**Aim of the exercise:** Below are the records; extract from them the line containing "对此,网友看法不一。有人认为" to the line containing "Gabriella Salvete ENAMEL", both lines included, exactly and with no pictures.

**Records shown:**
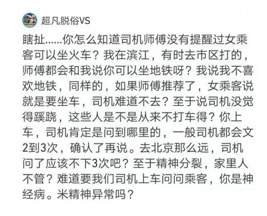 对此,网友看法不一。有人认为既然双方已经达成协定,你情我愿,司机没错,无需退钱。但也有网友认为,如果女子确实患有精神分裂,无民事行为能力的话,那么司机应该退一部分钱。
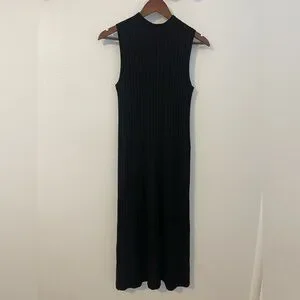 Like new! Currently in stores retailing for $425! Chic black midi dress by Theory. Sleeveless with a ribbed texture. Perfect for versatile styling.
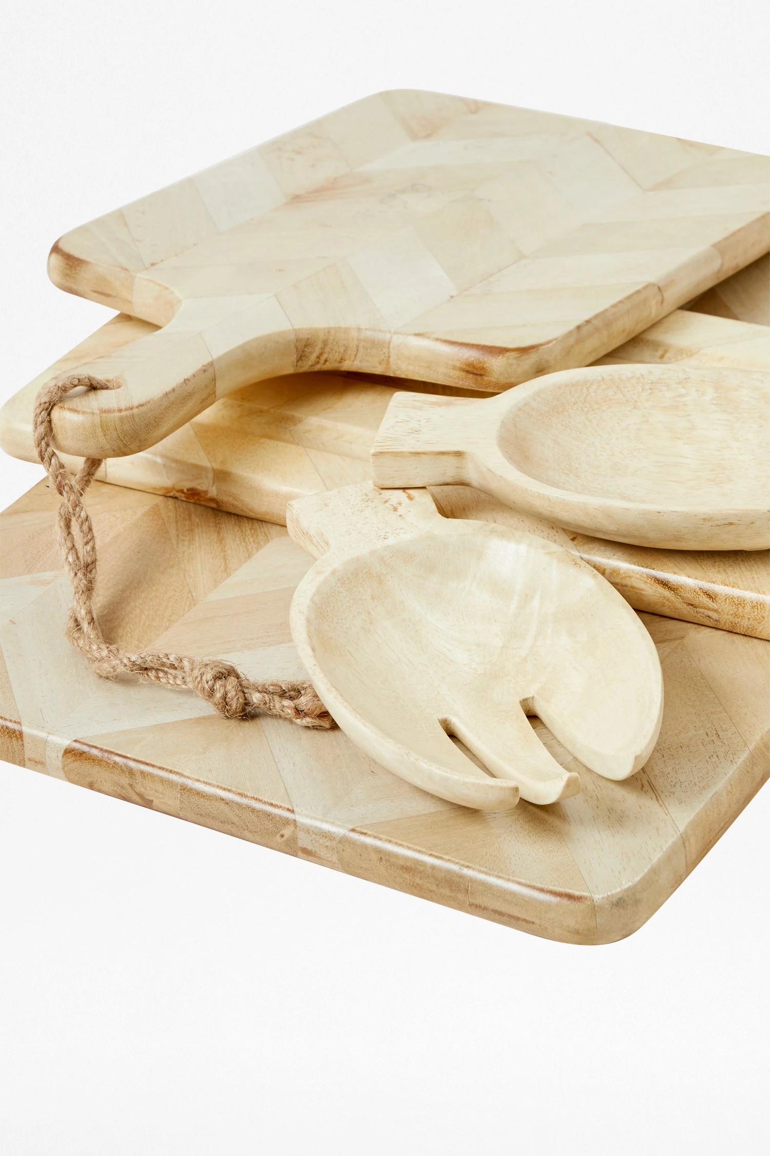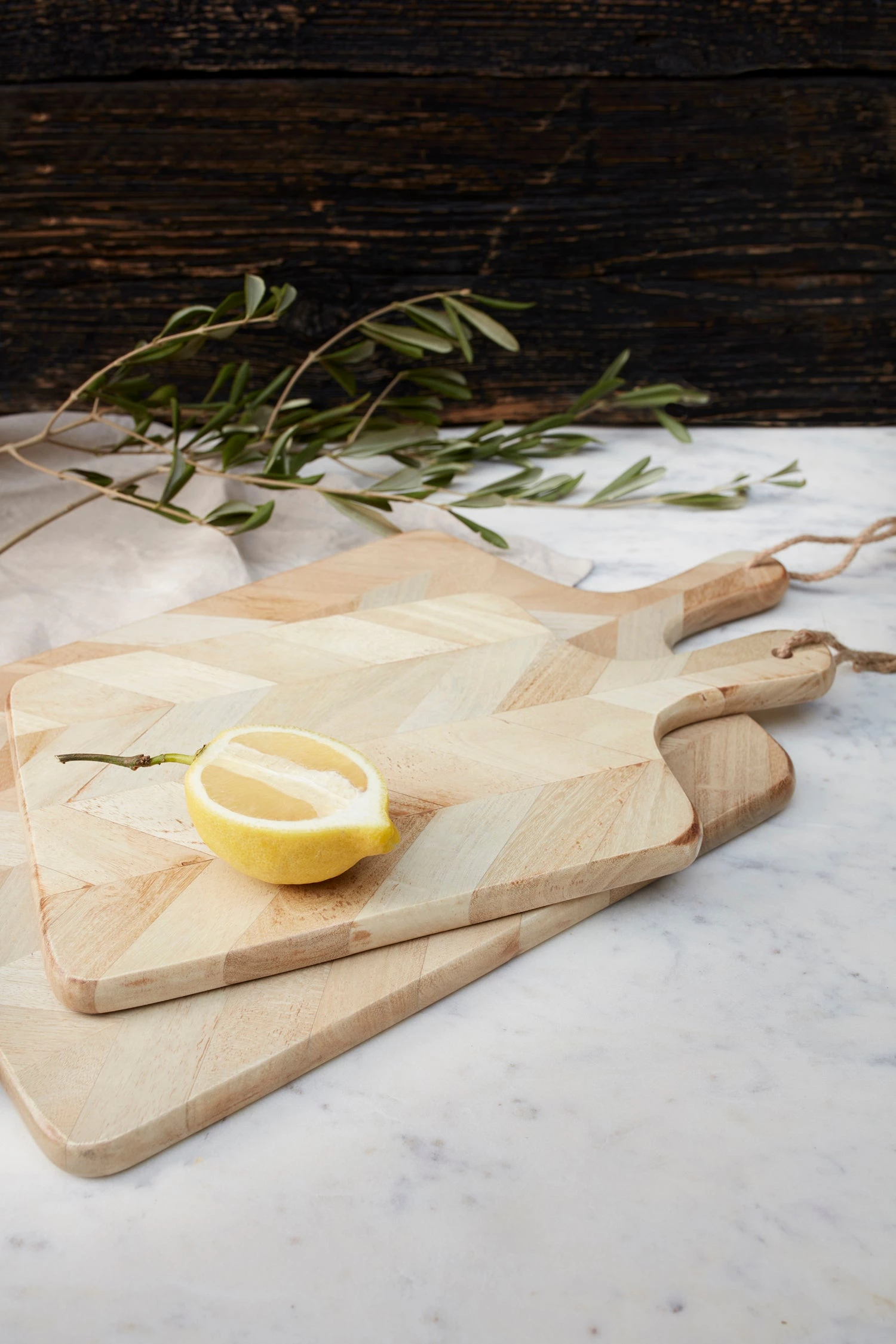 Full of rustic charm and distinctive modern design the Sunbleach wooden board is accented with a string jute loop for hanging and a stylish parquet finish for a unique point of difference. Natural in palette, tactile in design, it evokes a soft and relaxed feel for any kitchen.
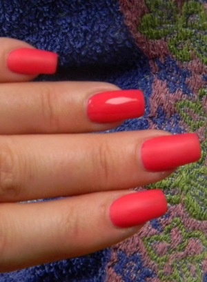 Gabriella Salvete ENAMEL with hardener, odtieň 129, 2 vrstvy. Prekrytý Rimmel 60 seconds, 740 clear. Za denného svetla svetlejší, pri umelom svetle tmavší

==

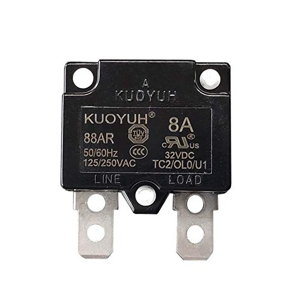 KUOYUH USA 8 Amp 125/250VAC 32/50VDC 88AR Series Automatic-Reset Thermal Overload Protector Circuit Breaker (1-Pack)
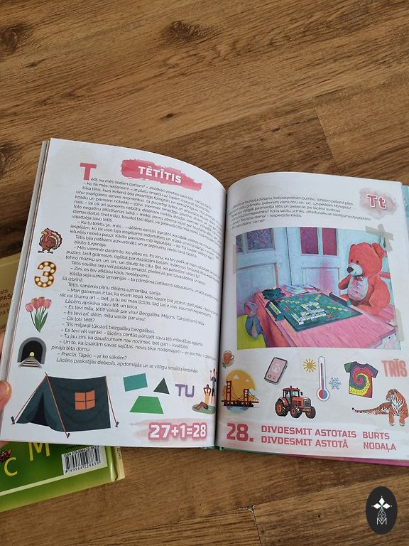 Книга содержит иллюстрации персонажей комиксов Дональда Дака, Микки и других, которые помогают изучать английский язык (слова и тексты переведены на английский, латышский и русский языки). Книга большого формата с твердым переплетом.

* * *

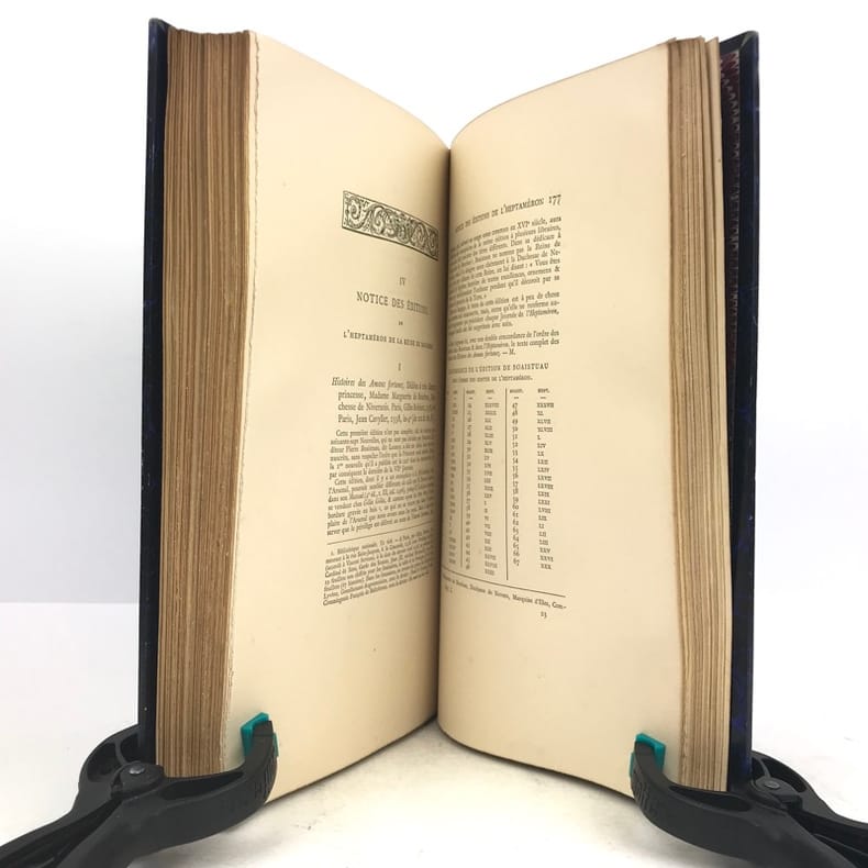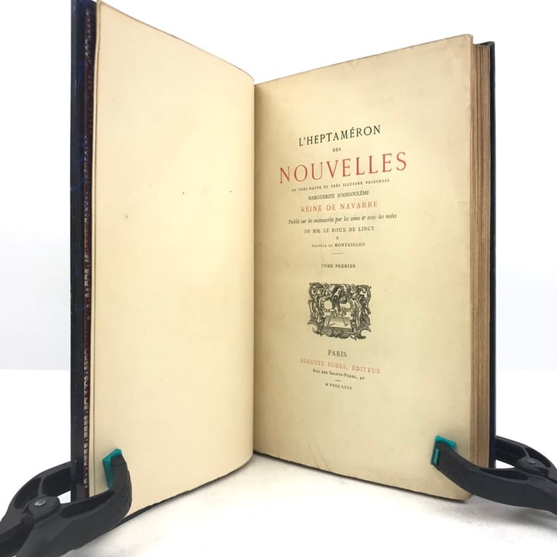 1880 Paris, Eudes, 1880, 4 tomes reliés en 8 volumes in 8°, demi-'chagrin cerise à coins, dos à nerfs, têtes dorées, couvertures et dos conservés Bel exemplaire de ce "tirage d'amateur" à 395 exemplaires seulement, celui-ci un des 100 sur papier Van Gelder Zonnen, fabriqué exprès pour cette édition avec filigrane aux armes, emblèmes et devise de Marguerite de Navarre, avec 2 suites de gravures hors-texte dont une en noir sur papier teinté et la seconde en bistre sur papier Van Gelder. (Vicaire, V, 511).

**Solution to the problem:**
 对此,网友看法不一。有人认为既然双方已经达成协定,你情我愿,司机没错,无需退钱。但也有网友认为,如果女子确实患有精神分裂,无民事行为能力的话,那么司机应该退一部分钱。
 Like new! Currently in stores retailing for $425! Chic black midi dress by Theory. Sleeveless with a ribbed texture. Perfect for versatile styling.
 Full of rustic charm and distinctive modern design the Sunbleach wooden board is accented with a string jute loop for hanging and a stylish parquet finish for a unique point of difference. Natural in palette, tactile in design, it evokes a soft and relaxed feel for any kitchen.
 Gabriella Salvete ENAMEL with hardener, odtieň 129, 2 vrstvy. Prekrytý Rimmel 60 seconds, 740 clear. Za denného svetla svetlejší, pri umelom svetle tmavší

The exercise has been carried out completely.